In order for the system to work, PADTUN requires domain-specific knowledge. Encoding and specifying such knowledge in ontologies is one of the main contributions of this paper. The PADTUN ontologies are designed in consultation with the tunnel experts in the project and by extensively reviewing literature on the subject. These ontologies codify knowledge about tunnel disorders, diagnosis influencing factors, lining materials and pathologies. PADTUN ontologies are described in more detail in Sect. 3. The data layer also contains a semantic repository that allows storing the ontologies and performing reasoning. OWLIM was chosen due to scalability reasons [6] as the system is required to reason over a large number of tunnels and inspection data. The system also contains a relational database in the form of MySQL to store inspection and result data for caching purpose.

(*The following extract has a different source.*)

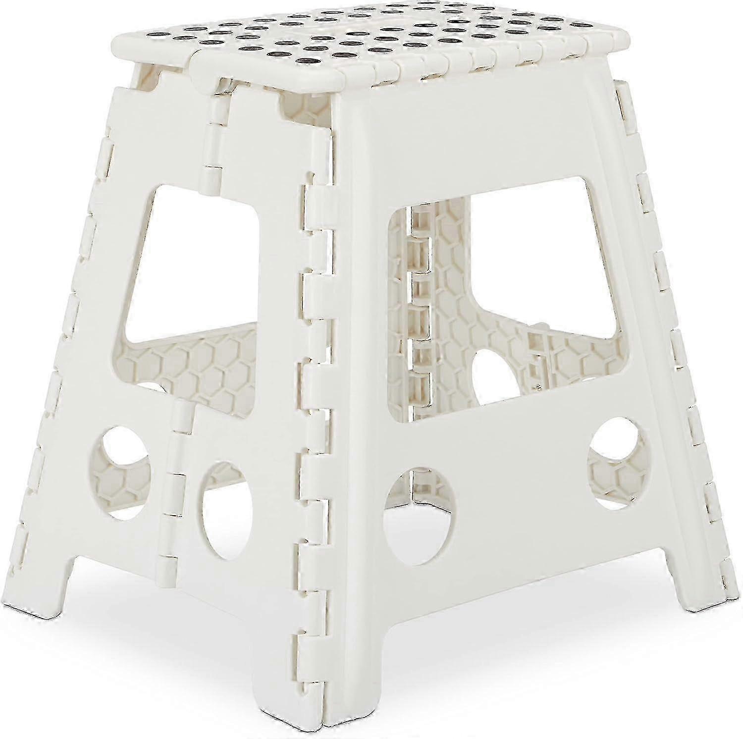Foldable: folding stool made of easy-care white plastic, height 39.5 cm - universal Storage: Foldable household stool to save space, perfect as a bathroom or camping stool Portable: thanks to its foldable structure, its light weight, it is very comfortable to carry the handle from point A to point B Household items: increase the workload and reach high shelves - Maximum load: 120 kg Practical: can be used as a stool for parents and children in the bathroom - can sit down quickly Note: Due to the light and screen setting difference, the item's color may be slightly different from the pictures. Please allow slight dimension difference due to different manual measurement.
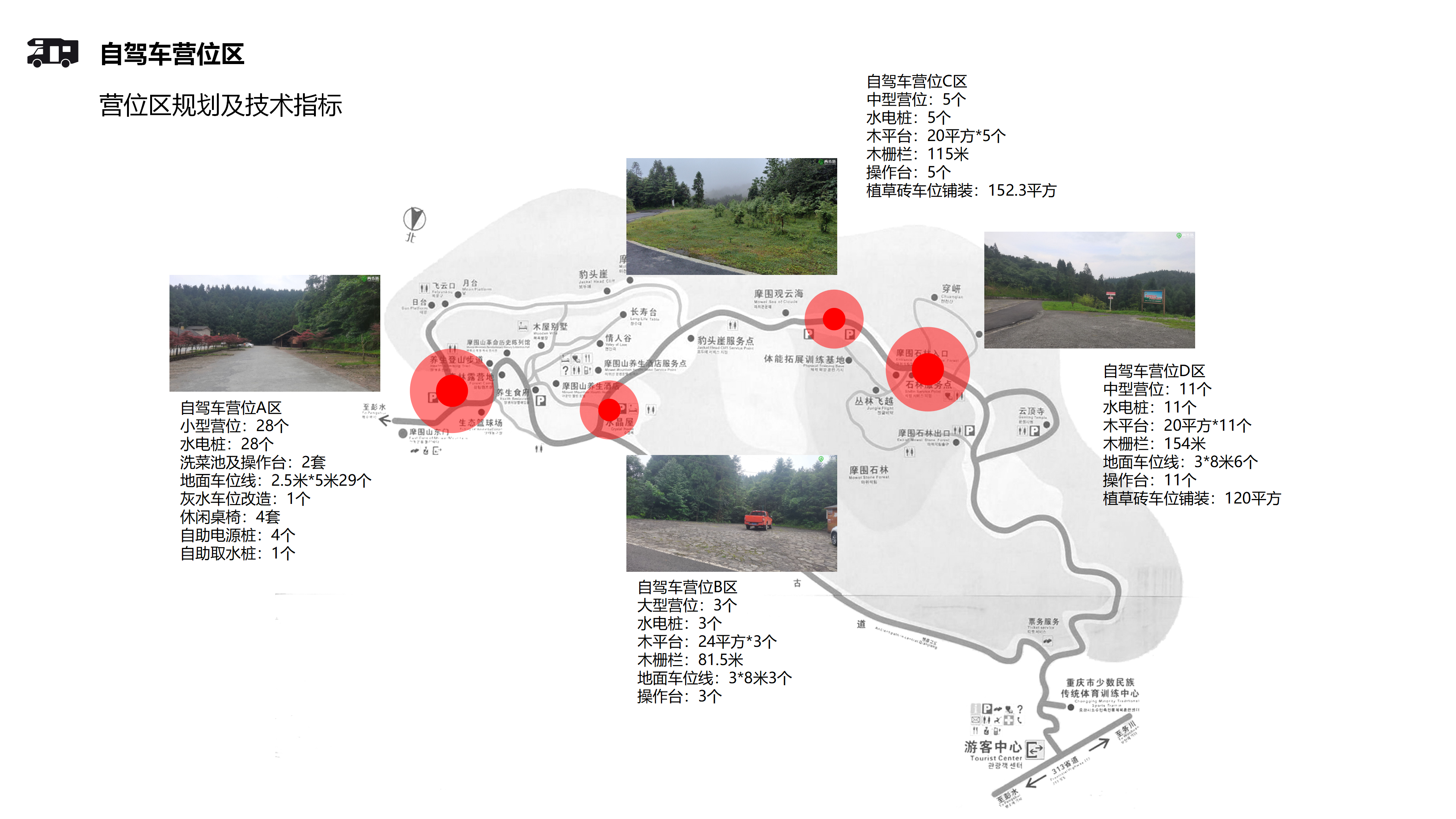 設(shè)置詳細(xì)的地圖和路線指引,幫助游客輕松找到營(yíng)地內(nèi)的各個(gè)區(qū)域,包括自駕營(yíng)地當(dāng)中涉及的區(qū)位如自駕車泊位。露營(yíng)區(qū)、娛樂(lè)設(shè)施等信息。

Processing layer. PADTUN consists of an intelligent processing layer built on a data layer that suggests pathologies per portion and regions of interest, together with explanations.

Three components are included as part of the processing layer. The pathology inferencing component implemented as RESTful service utilises the ontologies and infers a list of pathologies when provided with disorders, lining material and diagnosis influencing factors details for individual tunnel portions. Internally, it infers pathologies based on (i) disorders and lining material and (ii) diagnosis influencing factors and creates a cumulative list. The ROI inferencing component, implemented as RESTful service utilises the ontologies and the output of the pathology inferencing service to infer regions of interest. Both of these services are described in detail in Sect. 4. The Data management component contains business logic to convert XML to DB with the help of a converter, and stores the inspection data as per the new schema dictated by the ontology. In order to achieve conversion, the component consists of a mapping between the schema and the ontologies.

Presentation Layer. This layer consists of a user interface that allows decision makers to interact with the DSS. The interface allows users to upload tunnel inspection data and view and manipulate the results from the pathology and ROI inferencing services. The interface component is implemented using PHP and JavaScript.

Following sections focus on the main component of the architecture, PADTUN ontologies, pathology and ROI inferencing services.

3 PADTUN Ontologies

PADTUN ontologies are developed using METHONTOLOGY [10] methodology. NeTTUN use cases helped us to define scope and purpose of the ontologies and provided a reasonably well-defined target.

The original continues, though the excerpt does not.